▶ [Entries supplied]
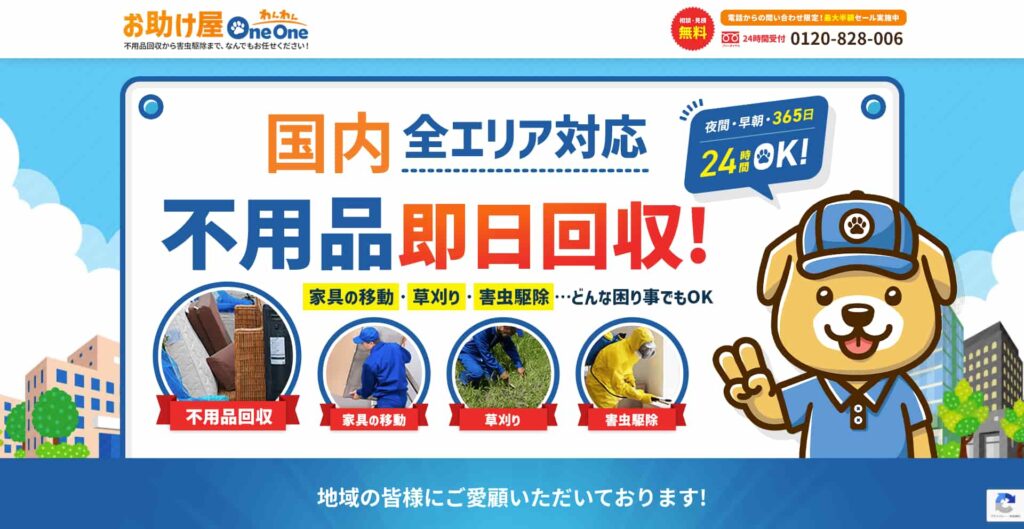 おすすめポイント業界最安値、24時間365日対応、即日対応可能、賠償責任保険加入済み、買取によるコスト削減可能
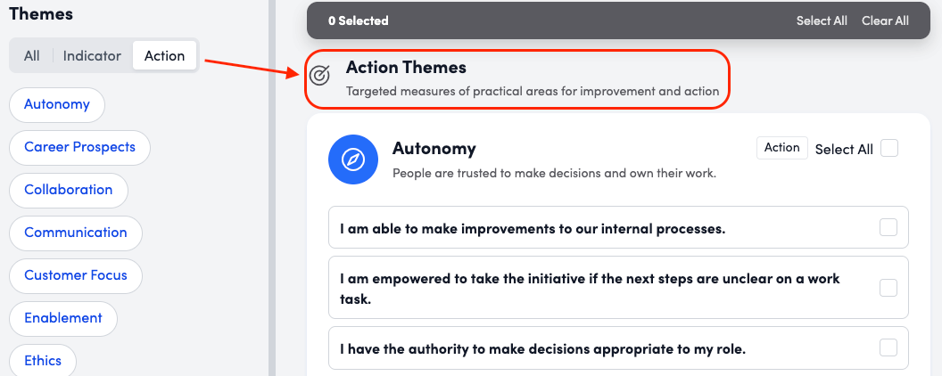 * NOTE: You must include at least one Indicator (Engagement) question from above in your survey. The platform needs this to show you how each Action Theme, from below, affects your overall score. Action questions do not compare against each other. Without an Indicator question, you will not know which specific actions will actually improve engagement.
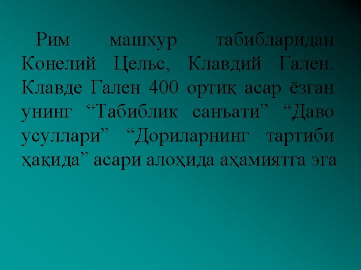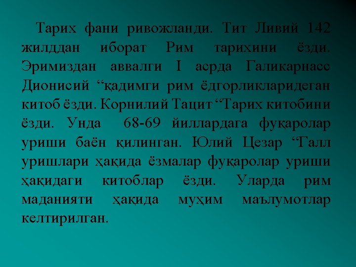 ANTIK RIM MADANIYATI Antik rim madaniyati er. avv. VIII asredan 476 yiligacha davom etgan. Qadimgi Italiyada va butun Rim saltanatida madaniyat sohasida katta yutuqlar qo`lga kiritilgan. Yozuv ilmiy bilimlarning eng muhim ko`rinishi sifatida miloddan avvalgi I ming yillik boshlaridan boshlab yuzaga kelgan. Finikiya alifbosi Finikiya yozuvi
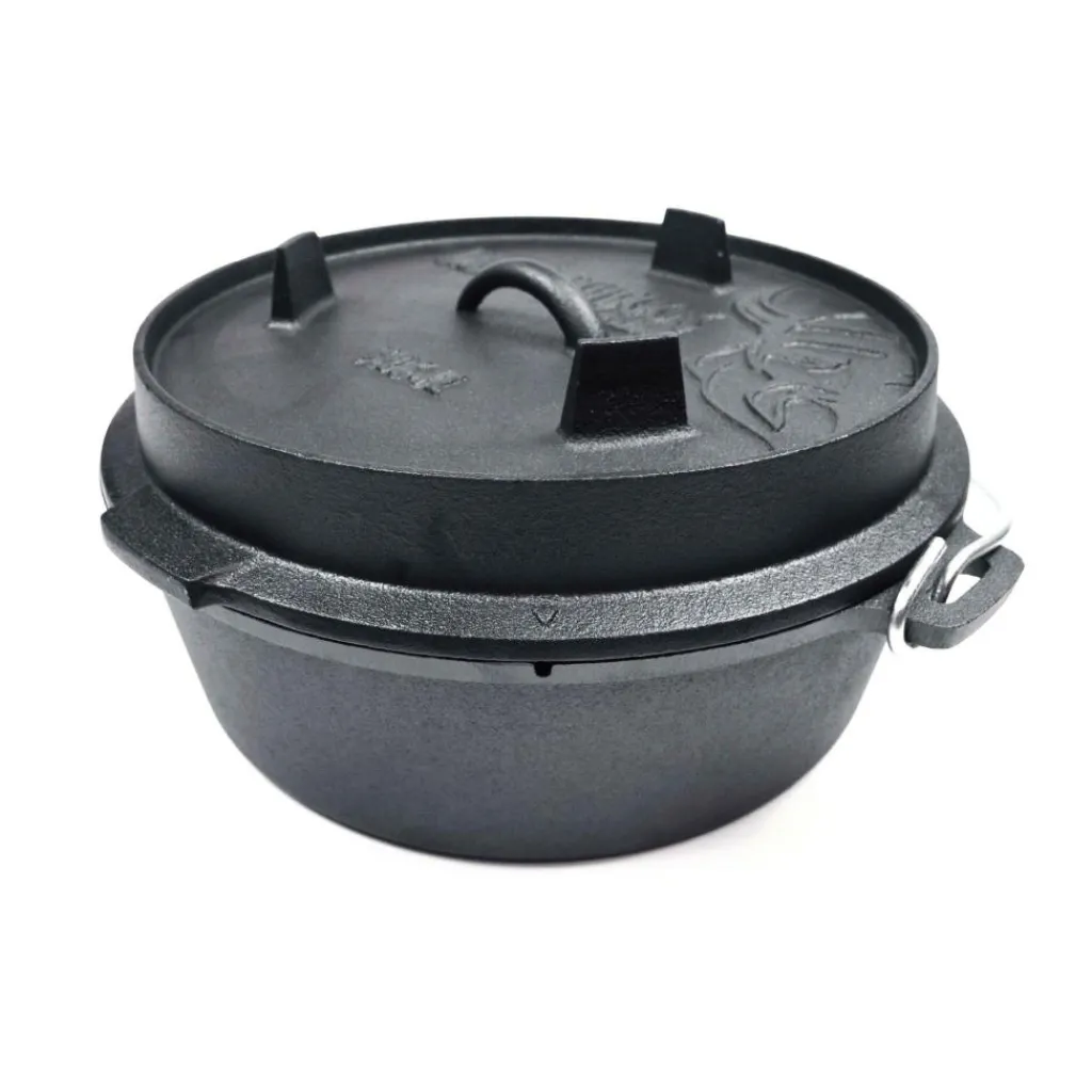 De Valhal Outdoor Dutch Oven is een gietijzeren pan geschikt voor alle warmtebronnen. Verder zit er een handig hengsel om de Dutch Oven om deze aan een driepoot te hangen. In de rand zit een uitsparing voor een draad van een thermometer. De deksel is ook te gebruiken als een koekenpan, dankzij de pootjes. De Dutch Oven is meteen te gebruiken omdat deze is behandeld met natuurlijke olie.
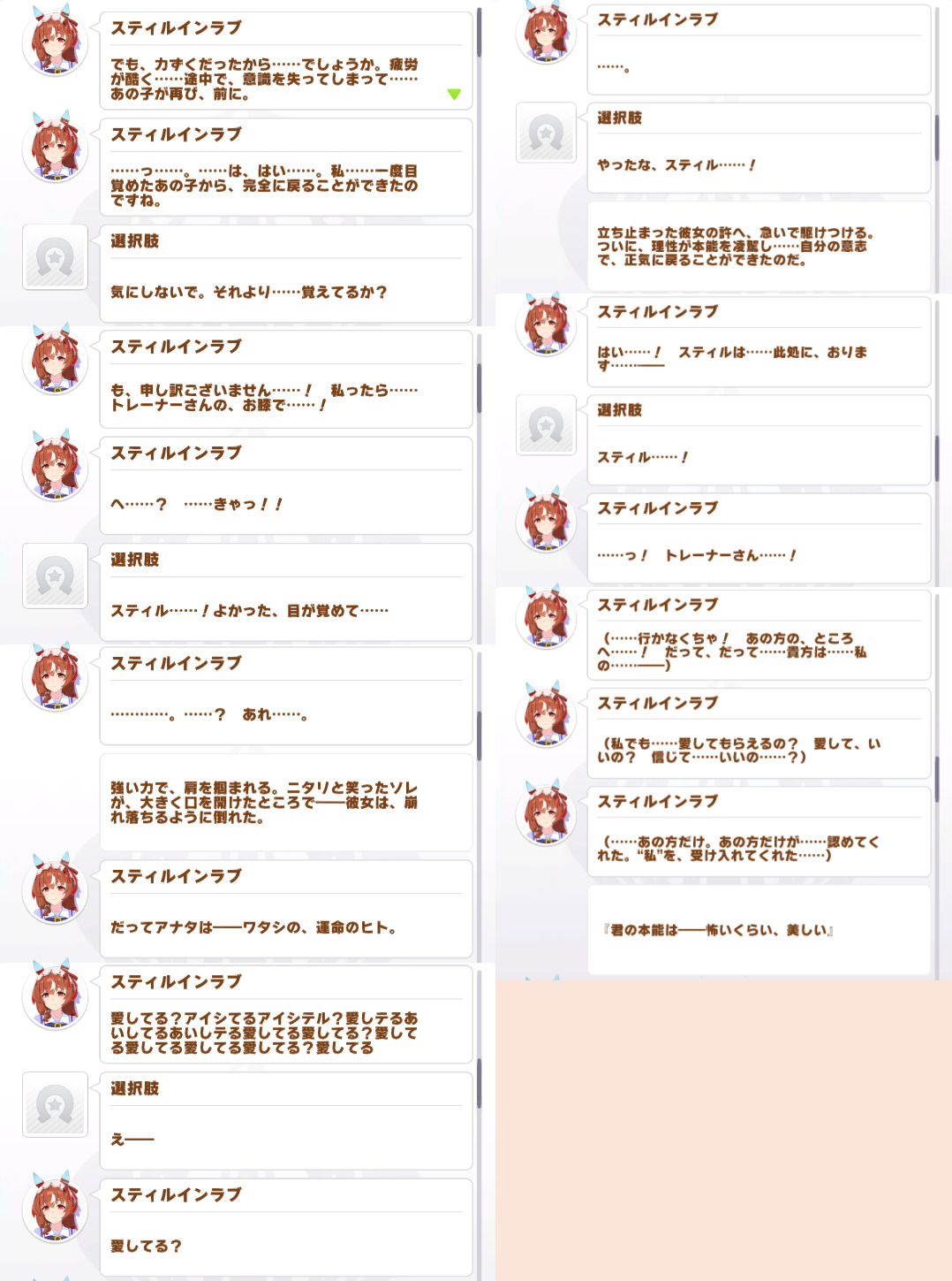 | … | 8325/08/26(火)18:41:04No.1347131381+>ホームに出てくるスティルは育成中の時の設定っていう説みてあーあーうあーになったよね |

▶ [Problem details] Write out exactly the opening lines of the data, stopping after the line that holds "actually improve engagement.". Exclude pictures.

▶ [Solution below]
 おすすめポイント業界最安値、24時間365日対応、即日対応可能、賠償責任保険加入済み、買取によるコスト削減可能
 * NOTE: You must include at least one Indicator (Engagement) question from above in your survey. The platform needs this to show you how each Action Theme, from below, affects your overall score. Action questions do not compare against each other. Without an Indicator question, you will not know which specific actions will actually improve engagement.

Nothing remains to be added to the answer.